Your task: Please retype the data below line for line and leave out every picture.

Information provided:

━━━━━━━━━━━━━━━━

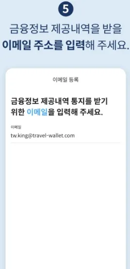 3. 금융정보 제공내역을 받을 이메일 주소를 입력 후 본인명의 계좌 인증을 위해 입금내역을 확인합니다.
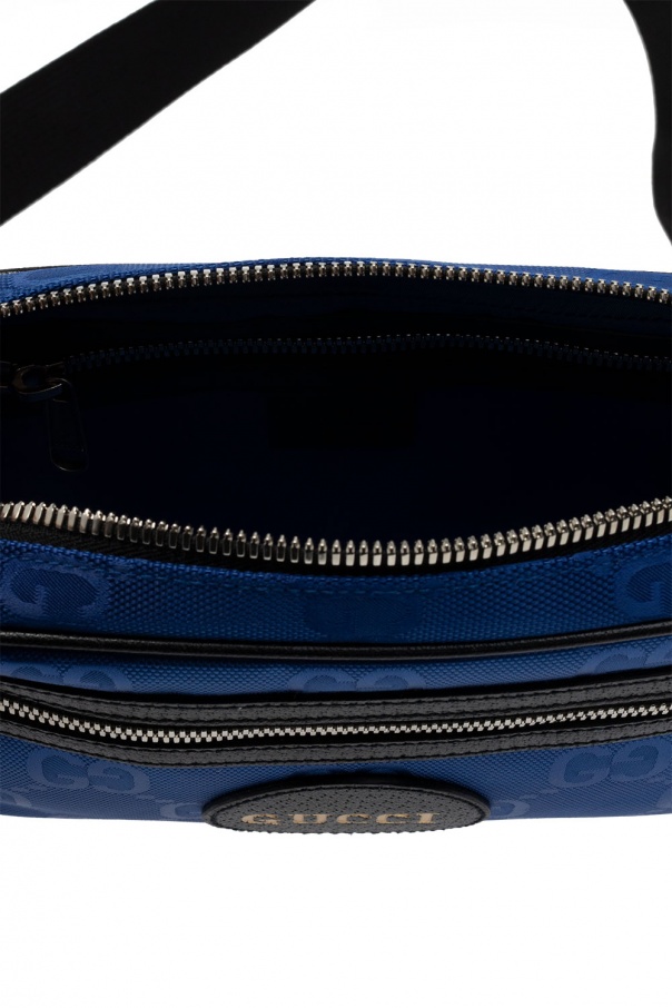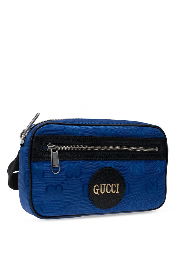 Blue and black belt bag from Gucci. Trimmed with black leather, this item features a zip fastening, embroidered logo pattern, round patch, adjustable belt and main internal compartment with one slip pocket and one zip pocket.
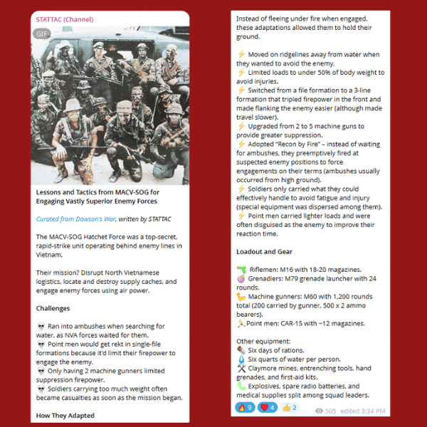 We autistically consume content about tactics, historical events, and real SHTF scenarios. Then, we breakdown the lessons we learn in a short, digesetible format.
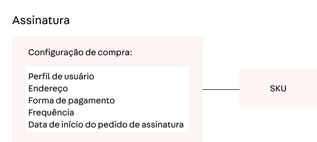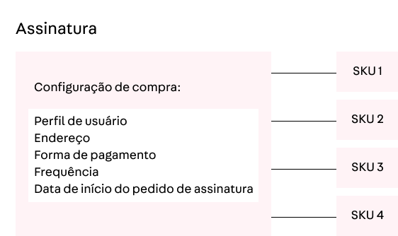Até então, para o sistema da VTEX, uma assinatura era composta por um SKU, atrelado a uma configuração de compra. Isso permitia que o consumidor da loja assinasse SKUs com endereços de entrega e até mesmo formas de pagamento diferentes – uma evolução em comparação à primeira versão do sistema.

━━━━━━━━━━━━━━━━

Solution for this problem:
 3. 금융정보 제공내역을 받을 이메일 주소를 입력 후 본인명의 계좌 인증을 위해 입금내역을 확인합니다.
 Blue and black belt bag from Gucci. Trimmed with black leather, this item features a zip fastening, embroidered logo pattern, round patch, adjustable belt and main internal compartment with one slip pocket and one zip pocket.
 We autistically consume content about tactics, historical events, and real SHTF scenarios. Then, we breakdown the lessons we learn in a short, digesetible format.
Até então, para o sistema da VTEX, uma assinatura era composta por um SKU, atrelado a uma configuração de compra. Isso permitia que o consumidor da loja assinasse SKUs com endereços de entrega e até mesmo formas de pagamento diferentes – uma evolução em comparação à primeira versão do sistema.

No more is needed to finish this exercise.